At a press conference late Tuesday afternoon on the steps of San Francisco City Hall, Wolf said the deal was “a good decision” since it freed him from having to testify - which he said was long the sticking point with prosecutors.
“This has never been about a videotape,” he said. “It was the testimony which I felt to be the most egregious affront on my rights as a citizen and a journalist. This leaves my ethics intact.”
Feh…
I remember the original argument being that distributing the video would be like giving up his sources and it was his prerogative about what to do with the tapes. Now he says the sticking point was having to testify in court about what’s on the tapes and he can keep his ethics in tact?

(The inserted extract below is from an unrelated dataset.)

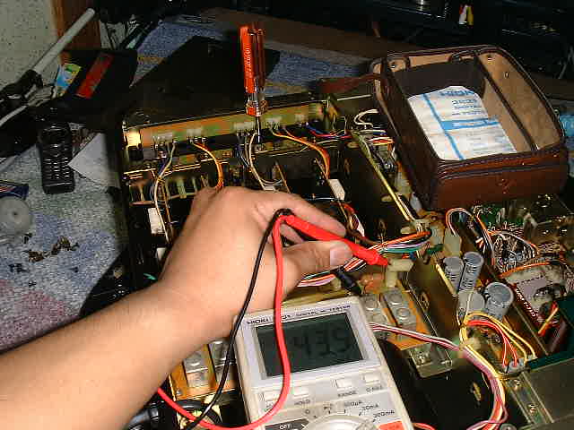 | 「2段目のVRは出力段のアイドリング電流調整用で、終段パワートランジスタのコレクタと電源間 (多分保護用のヒューズがあるので外して電流計を入れる)の電流を測るが正しいのですが、」 上記を参考に回路図を見ると、DC整流された直後とトランジスタのコレクタ間がコネクタ接続になっている様子で、実物もそうでした。ここにテスターを挿入します。 安物デジタルテスタには電流測定レンジはついていませんでしたので、会社から借りてきたマイテスタで測定してみます。 最初は300mAレンジで「オーバーレンジ」なんぞの表示が。そりゃトランジスタも熱くなるわな。 |

Sorry man… For people like myself who supported Josh on the basis of his journalistic privilege, this rings as a load of crap in a pretty dress and it sounds more like a deal to get him out of jail than a deal to preserve his journalistic integrity. Understand, I’m not faulting him for wanting to get out of jail or for cutting a deal, but let’s call a spade a spade here. Josh Wolf didn’t make a deal to preserve his journalistic integrity. Josh Wolf made a deal to get out of jail.
Preserving his journalistic integrity could have been done in the following ways:
1. Staying in jail until July.
2. Refusing to ever hand over the tapes.
3. Not cutting a deal.
None of those are ideal, but that’s the price you pay for integrity.
Again, I’m not faulting him as much for getting out or making a deal, just for saying that it allows him to maintain his integrity.
Frankly, it does the exact opposite.